Gayle Barron, who won the Boston Marathon for women in 1978, once said that she struggled with being a pioneer. Not so much because of men’s attitudes, but because her women friends thought she ought to be at home with her family, in “a woman’s place,” in other words. Her friends didn’t celebrate her successes. Worse still, they disapproved. She wonders how much she held back from achieving her true potential, for the sake of keeping her friends.
Yes, that was 1978. Have things really changed that much, or enough?
Sometimes the harshest critics, the hardest judges, are women about other women. Why are we so hard on each other? Is it because we're hard on ourselves? We ought to stick up for each other a little more.
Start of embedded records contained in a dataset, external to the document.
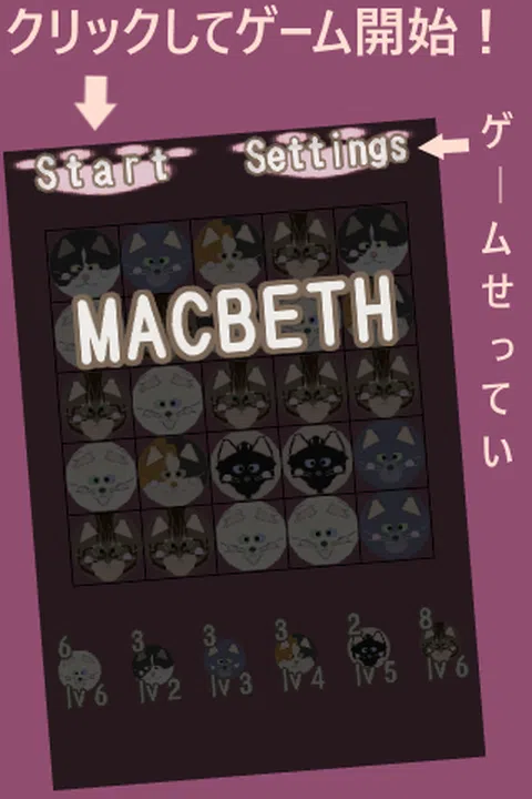 Tamaneko DE麦克白(麦克白)的竞争棋盘游戏的原创! 此外丰盛了吴年温在Tamaneko性格也推出了! 这是扭转帧奥赛罗或黑白棋一个简单的简单的规则。 基本是赢得许多人的数量继续把碎片,以便在8×8板。 ※1.0.0版中的8×8的鳟鱼,后期攻击(白色),CPU强度3级(黑色),你现在可以设置多! [法治] 我把一块大规模空置在轮到自己。 (无处不在可能的) 昏迷周围的鳟鱼鳟鱼8你放小费。 (对手也是他们的框架图也帧) 的顺序被转移到另一方。 重复,直到所有的免费质量被淘汰。 赢得对决赛中,很多框架(颜色,字符)! 设置 ·[瓷砖]改变角色的昏迷和颜色 ·[声音]首歌曲,在音效/关闭 ·[尺寸]尺寸的板变3×3〜21×21 人2-6对面站泰森多少·[玩家]变化 ·[1号〜6]对手CPU(LV0〜6)和(大强)的人(人)的强度 您可以通过箭头[。 Tamaneko DE麦克白(麦克白)改进吴年如水平翻转模式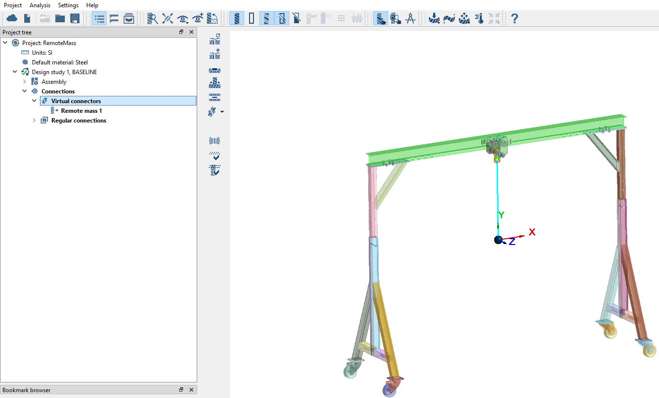 The Remote Mass is listed under Connections > Virtual Connectors in the Project Tree. It is shown in the modeling window as a point mass at the specified coordinates.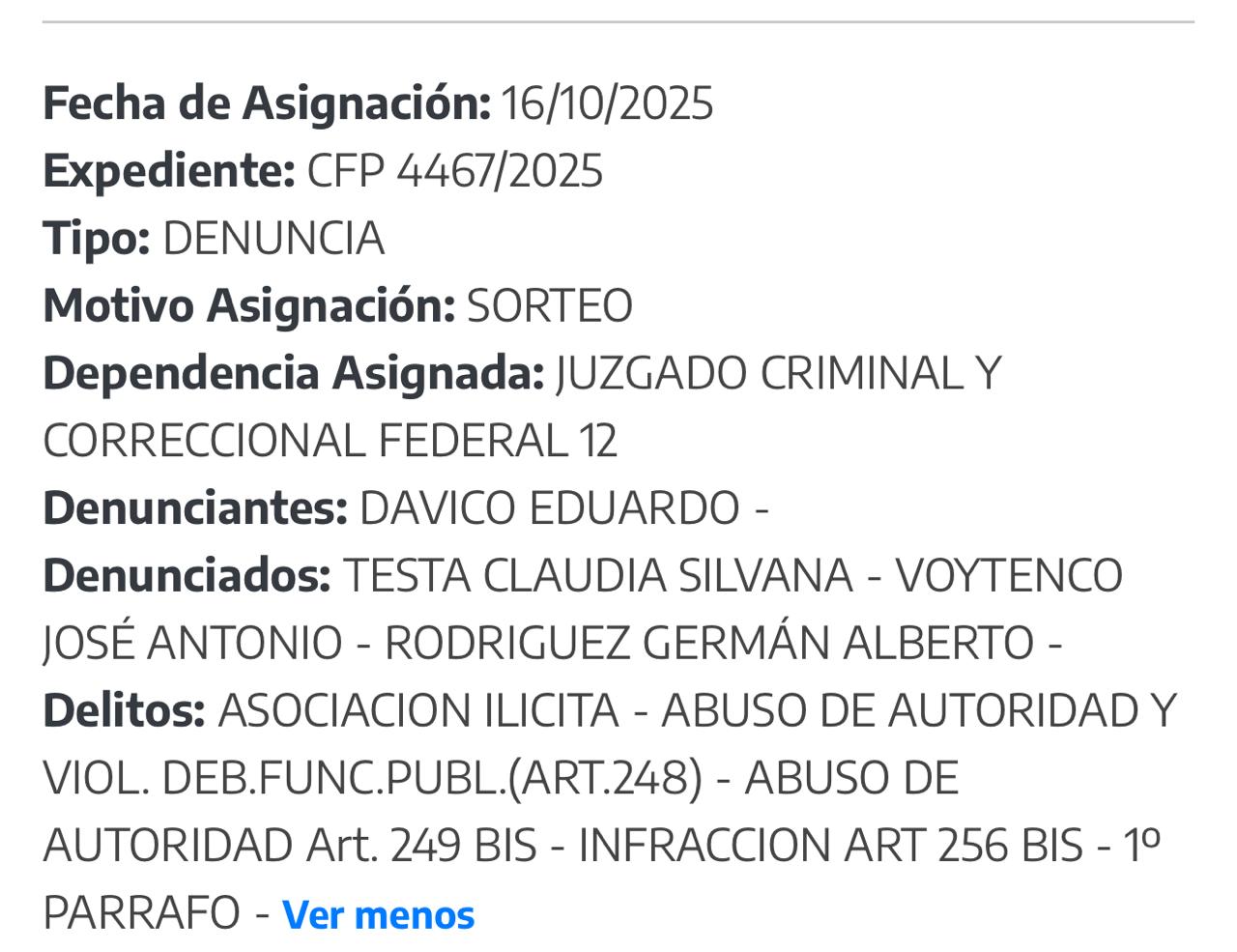 Vale remarcar que en la denuncia de Davico, ya ratificada, también se señala a Testa por la posible comisión del delito de Abuso de Autoridad y Violación de Deberes de Funcionario Público.

Here's one of my Tristram Shandy hobby horses on that issue: Why do we allow the word “slut” to persist in our lexicon? The word characterizes all that is damaging about the double standards that exist between men and women. “Slut,” after all, is a word that is rarely ever used to describe a man, and when used in such a context, generally carries a certain bravado; whereas, when applied to women, the word is ugly and judgmental, about things that are, in most cases, none of our business. I am, by no means, saying that women ought to sleep around. I am saying that how we express our sexuality (assuming the sexual expression is voluntary, consensual, does not harm others and gives us pleasure) is up to us to define. And yet, too often, women refer to other women as “sluts,” riding high on their horses of righteousness. We are not so different from Gayle’s friends when we do so, deeming certain behaviors “unfeminine.” Gayle’s friends were threatened by her strength. What are we threatened by when another woman exerts her sexuality? Let’s eliminate the word “slut” from our personal dictionary. And I haven’t even gotten to the word “spinster” yet.
Things have changed. While there are certainly still women out there like Gayle’s late-seventies friends, there are many who are not. There’s so much we can go out into the world and do and be, when we aren’t holding ourselves or other women back.